Silverman and his colleagues, including Ipas in Bangladesh, are piloting tools to help health workers identify reproductive coercion, such as questions about partner attitudes and behaviour. Once coercion is acknowledged, women can reassert bodily autonomy by, for example, selecting family planning methods that are undetectable by a partner.

Even as women lack the language to describe reproductive coercion, Silverman explained, “I also believe human beings innately resist against being controlled… There are many different coping strategies that women in communities around the world have developed to cope with reproductive coercion, including women supporting women. That is something that is just happening organically, everywhere. It always has, whether it be a neighbour or female family member hiding your pills for you or helping you get to a clinic.” Where clinics give out pamphlets about reproductive coercion, partner violence and how to seek help, women often “take handfuls” so they can share the information with other women.

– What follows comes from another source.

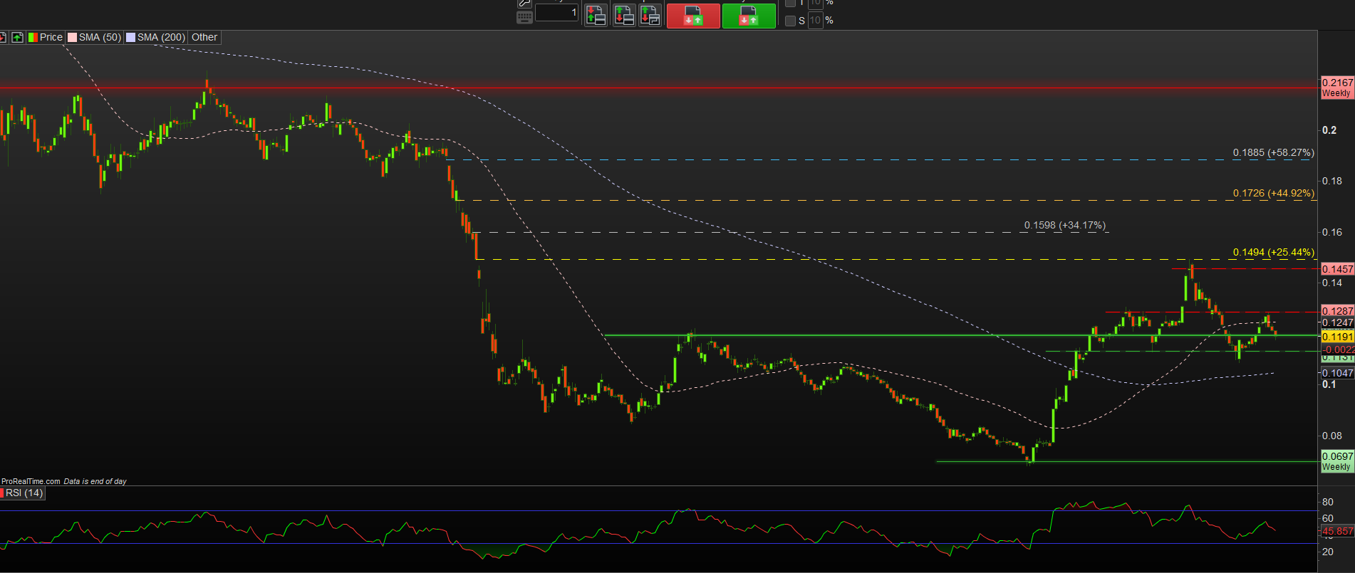 Agora é 0,1188€ (midpoint do swing anterior), com um "retracementzinho", para continuar a cair para ir testar o fundo de novo nos 0,1088€.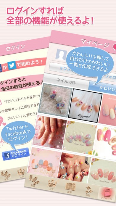 ネイルが綺麗に出来上がった時は誰かに見てもらいたいものです。そんな時はこのnailapを使うことにより皆とネイルデザインを共有することができます。 nailapには様々なネイルデザインが集まっているので次のネイルの参考にすることも可能になっています。 ジャンル別にネイルを観覧することができるので好みのネイルデザインをすぐに見つけることができます。 ネイリストもいるので上級者のネイルを参考にすることができるようになっています。さらにランキングもあるので人気のネイルもひと目で分かります。

Much of the burden of addressing reproductive coercion falls to service providers, who often face a double bind: they must strike a balance between engaging men in reproductive health matters without ceding full decision-making power to them. “The ideal of male engagement in sexual and reproductive health and maternal and child health internationally has become a priority,” Silverman said. Male involvement has been associated with increased family planning and contraceptive use and improved maternal and child health outcomes (Kriel and others, 2019; Assaf and Davis, 2018). But when men wish to control the reproductive choices of their partner, “involving men is obviously detrimental”.

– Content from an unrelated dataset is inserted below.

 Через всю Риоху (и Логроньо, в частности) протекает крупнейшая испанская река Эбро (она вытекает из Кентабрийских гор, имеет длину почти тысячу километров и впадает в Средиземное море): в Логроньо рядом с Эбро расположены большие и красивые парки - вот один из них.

And men—indeed, people of all genders and sexual orientations—can also be victims of reproductive coercion. “Anyone can experience reproductive coercion,” said Londono. “Women in marginalized communities experience levels of violence at disproportionate rates, and that includes reproductive coercion… but that doesn’t negate the fact that I have talked to young boys and young men—men in general—who are trying to identify their own experiences and put it into words and contextualize it.”

Fluency in the language of reproductive coercion is needed, particularly among policymakers. “When our laws and our policies are vague and our language is ambiguous, it doesn’t provide for survivors,” Londono said.

And learning about bodily autonomy is also crucial. In one recent project, Paul said, “we talked to women, and they chose this terminology: ‘my body, my rights.’... They all agreed that we need to disseminate this among the population—that my body is mine.”